C'est à mon tour d'échanger un sourire complice avec Lord Mackenzie. C'est ma première expérience loin du palais, du lycée ou de la capitale. J'étais angoissée à l'idée d'arriver chez de parfaits inconnus et d'y rester quelques jours. Mais tout ça s'est dissipé en l'espace de quelques minutes par la gentillesse de Lady Mackenzie et la camaraderie de son mari. En mettant le protocole de côté et tous ces titres et phrases ronflantes, les Mackenzie sont les gens les plus simples que j'ai pu rencontrer. Je ne ressens pas d'obligations ou de faux-semblants, juste une joie qui a fini par m'envahir. N'est-ce pas à ça que devraient ressembler toutes les rencontres ? Le bonheur de se découvrir l'un l'autre ? Les rires et les échanges sans arrières pensés ?

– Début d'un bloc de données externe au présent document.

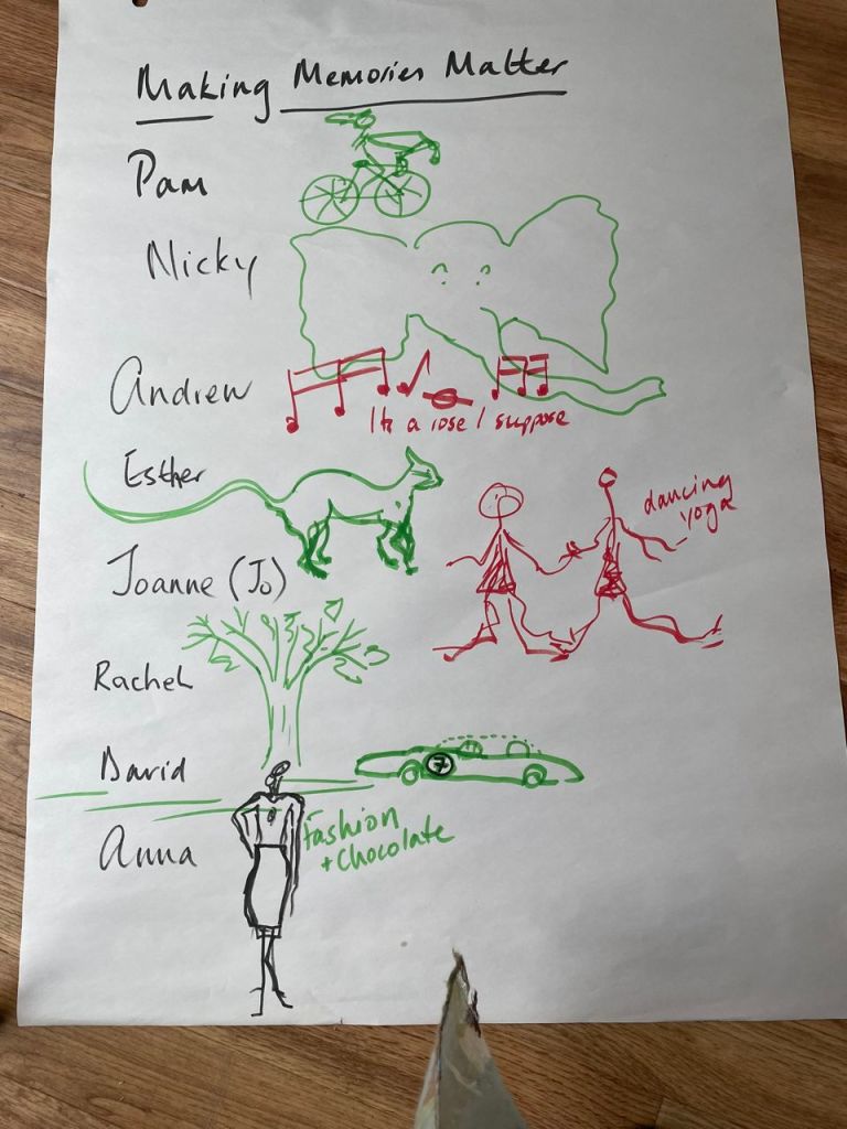 We began with saying our name and something about us, and Rachel attempted to draw that object. Pam started, by saying she liked to ride a bicycle:
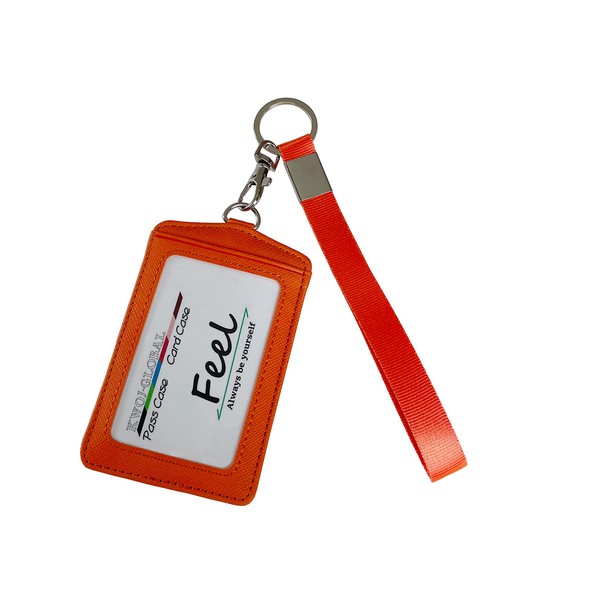 [Feel] Commuter Pass Case with Strap" Pass Holder, IC Card Case, Card Case, Commuting to Work or School, Transportation IC Card (Suica TOICA ICOCA PASMO PiTaPa), orange
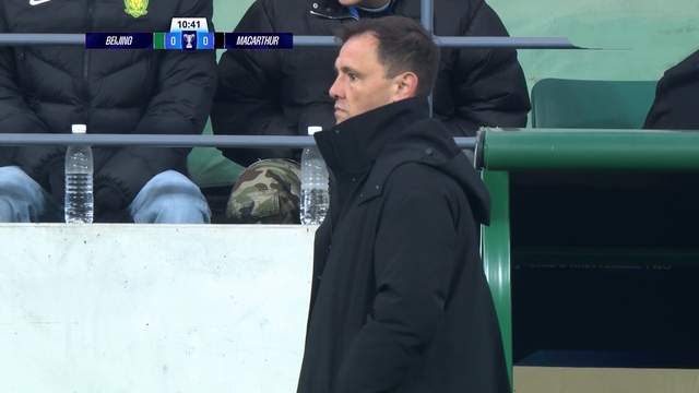 没有了成绩压力之后,国安踢得更加放松,在两个边路轮番发起冲击,比赛第10分钟,国安后场长传,方昊差一步没有拿到球。比赛第13分钟,塞尔吉尼奥巧妙一漏,乃比江服突入禁区倒三角传球,可惜被对手破坏。麦克阿瑟提前晋级,全队踢得也比较放松,防守端给了国安很多机会,比赛第17分钟,张稀哲大禁区前拿球稍作调整,一脚劲射高出横梁。

Ici, je ne ressens ni peur d'un drame ni jugement. Est-ce que tous les nobles ressemblent à cette famille ? Je dois avouer que je dois en douter. Mais je ne douterai plus des choix de grand-mère en matière d'hébergement et je la soupçonne même d'avoir planifié cette première visite de sorte que je fasse plus amples connaissances avec cette famille éloignée. C'est une bouffée d'air frais dont j'avais besoin. Je n'en pouvais plus des murs du palais. Ici, il n'y en a aucun entourant le jardin. Du moins, ils ne sont pas visibles de là où je suis.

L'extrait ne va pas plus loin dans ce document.